The exquisitely careful build of a
means that the resulting drug can treat a smaller number of patients, though with better success.
"Everybody's cancer is their own deadly personalised disease," he adds. "We will have to tailor drugs according to each person, but genetic information will help us."
Such personalised medicine relies on sequencing the DNA of target tumours and working out what script should be written on to the drug. Progress here is speeding up. In May, a team reported in Nature that it had sequenced the genome of cells from 560 tumours.
Meanwhile, Irish scientists are progressing in packaging anti-cancer drugs and diagnostics together. Profs Yuri Volkov and Adriele Prina-Mello at Trinity College Dublin recently reported using a small gold nanoparticle combined with the anticancer drug doxorubicin and a polymer called PEG [polyethylene glycol] against pancreatic cancer as part of a European project. PEG is used to avoid the body's immune system, whereas gold carries the drug and can be used to pinpoint a tumour's location. The combination improves tumour killing with reduced side effects.

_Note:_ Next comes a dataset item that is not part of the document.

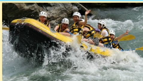
長瀬のラフティング（長瀬町）

長瀬のラフティングは、国指定名勝天然記念物の岩畳や渓谷美を眺めながら、急流あり、静かな瀬ありと変化に富んだコースを楽しむことができます。

Trinity was also involved in a large EU nanomedicine project which was voted number one in the area of nanomedicine at the EuroNanoForum conference last summer. This month a follow-on project began which aims to bring multifunctional nanoparticles closer to patients.
“The hardest part is always anchoring it to the target cell itself and not a normal cell,” Volkov agrees.
Tailored nanomedicines might even require new business models. You make medicines for just several patients at a time. “It is not clear yet how this can be an industrialised process. It might be small labs preparing medicines for groups of hospitals locally,” Dawson says.
Regulators will face challenges. And assembly lines for nanomedicines will require that chemists, biologists, physicists and engineers, as well as clinicians, work together. But Dawson is optimistic: "If it works, people will find a way." Insulin pill? Not yet, but gut could be key Insulin injections are an inconvenience. Why not pop an insulin pill?
“Insulin isn’t able to cross the gut very well and it gets broken down by stomach acid and intestinal enzymes,” explains Prof David Brayden at UCD, whose lab is working to make oral insulin possible. He and his Irish Research Council-funded student Joanna Heade are working with AnaBio Techologies Ltd to encapsulate insulin in a food material, including whey protein found in foodstuffs like milk.
“The idea is that microparticles made from food-derived materials can protect insulin, and can promote its uptake if we can incorporate other suitable ingredients.”
This would be more than convenient. If insulin crosses via the intestine, it will hit the liver much more readily. “When diabetics inject themselves every day, insulin can build up in peripheral organs and that leads to weight gain and so on. Getting insulin directly to the liver through the gut is a big advantage,” Prof Brayden explains.
Prof Brayden's lab is part of a big picture, a large European-funded project testing up to 50 different nanoparticles to see which is best at delivering insulin and other similar peptides. The French pharma company Sanofi is a major player in the project.
In a project funded by the Department of Agriculture, Prof Brayden has wrapped up small tripeptides found in milk and muscle into a nanoparticle and shown that the peptides cross the gut of rat and can lower their blood pressure.
“Because we are using food grade materials as the delivery system, it should be easier to get such materials into a human trial than for chemicals that have not been approved for human use,” he adds.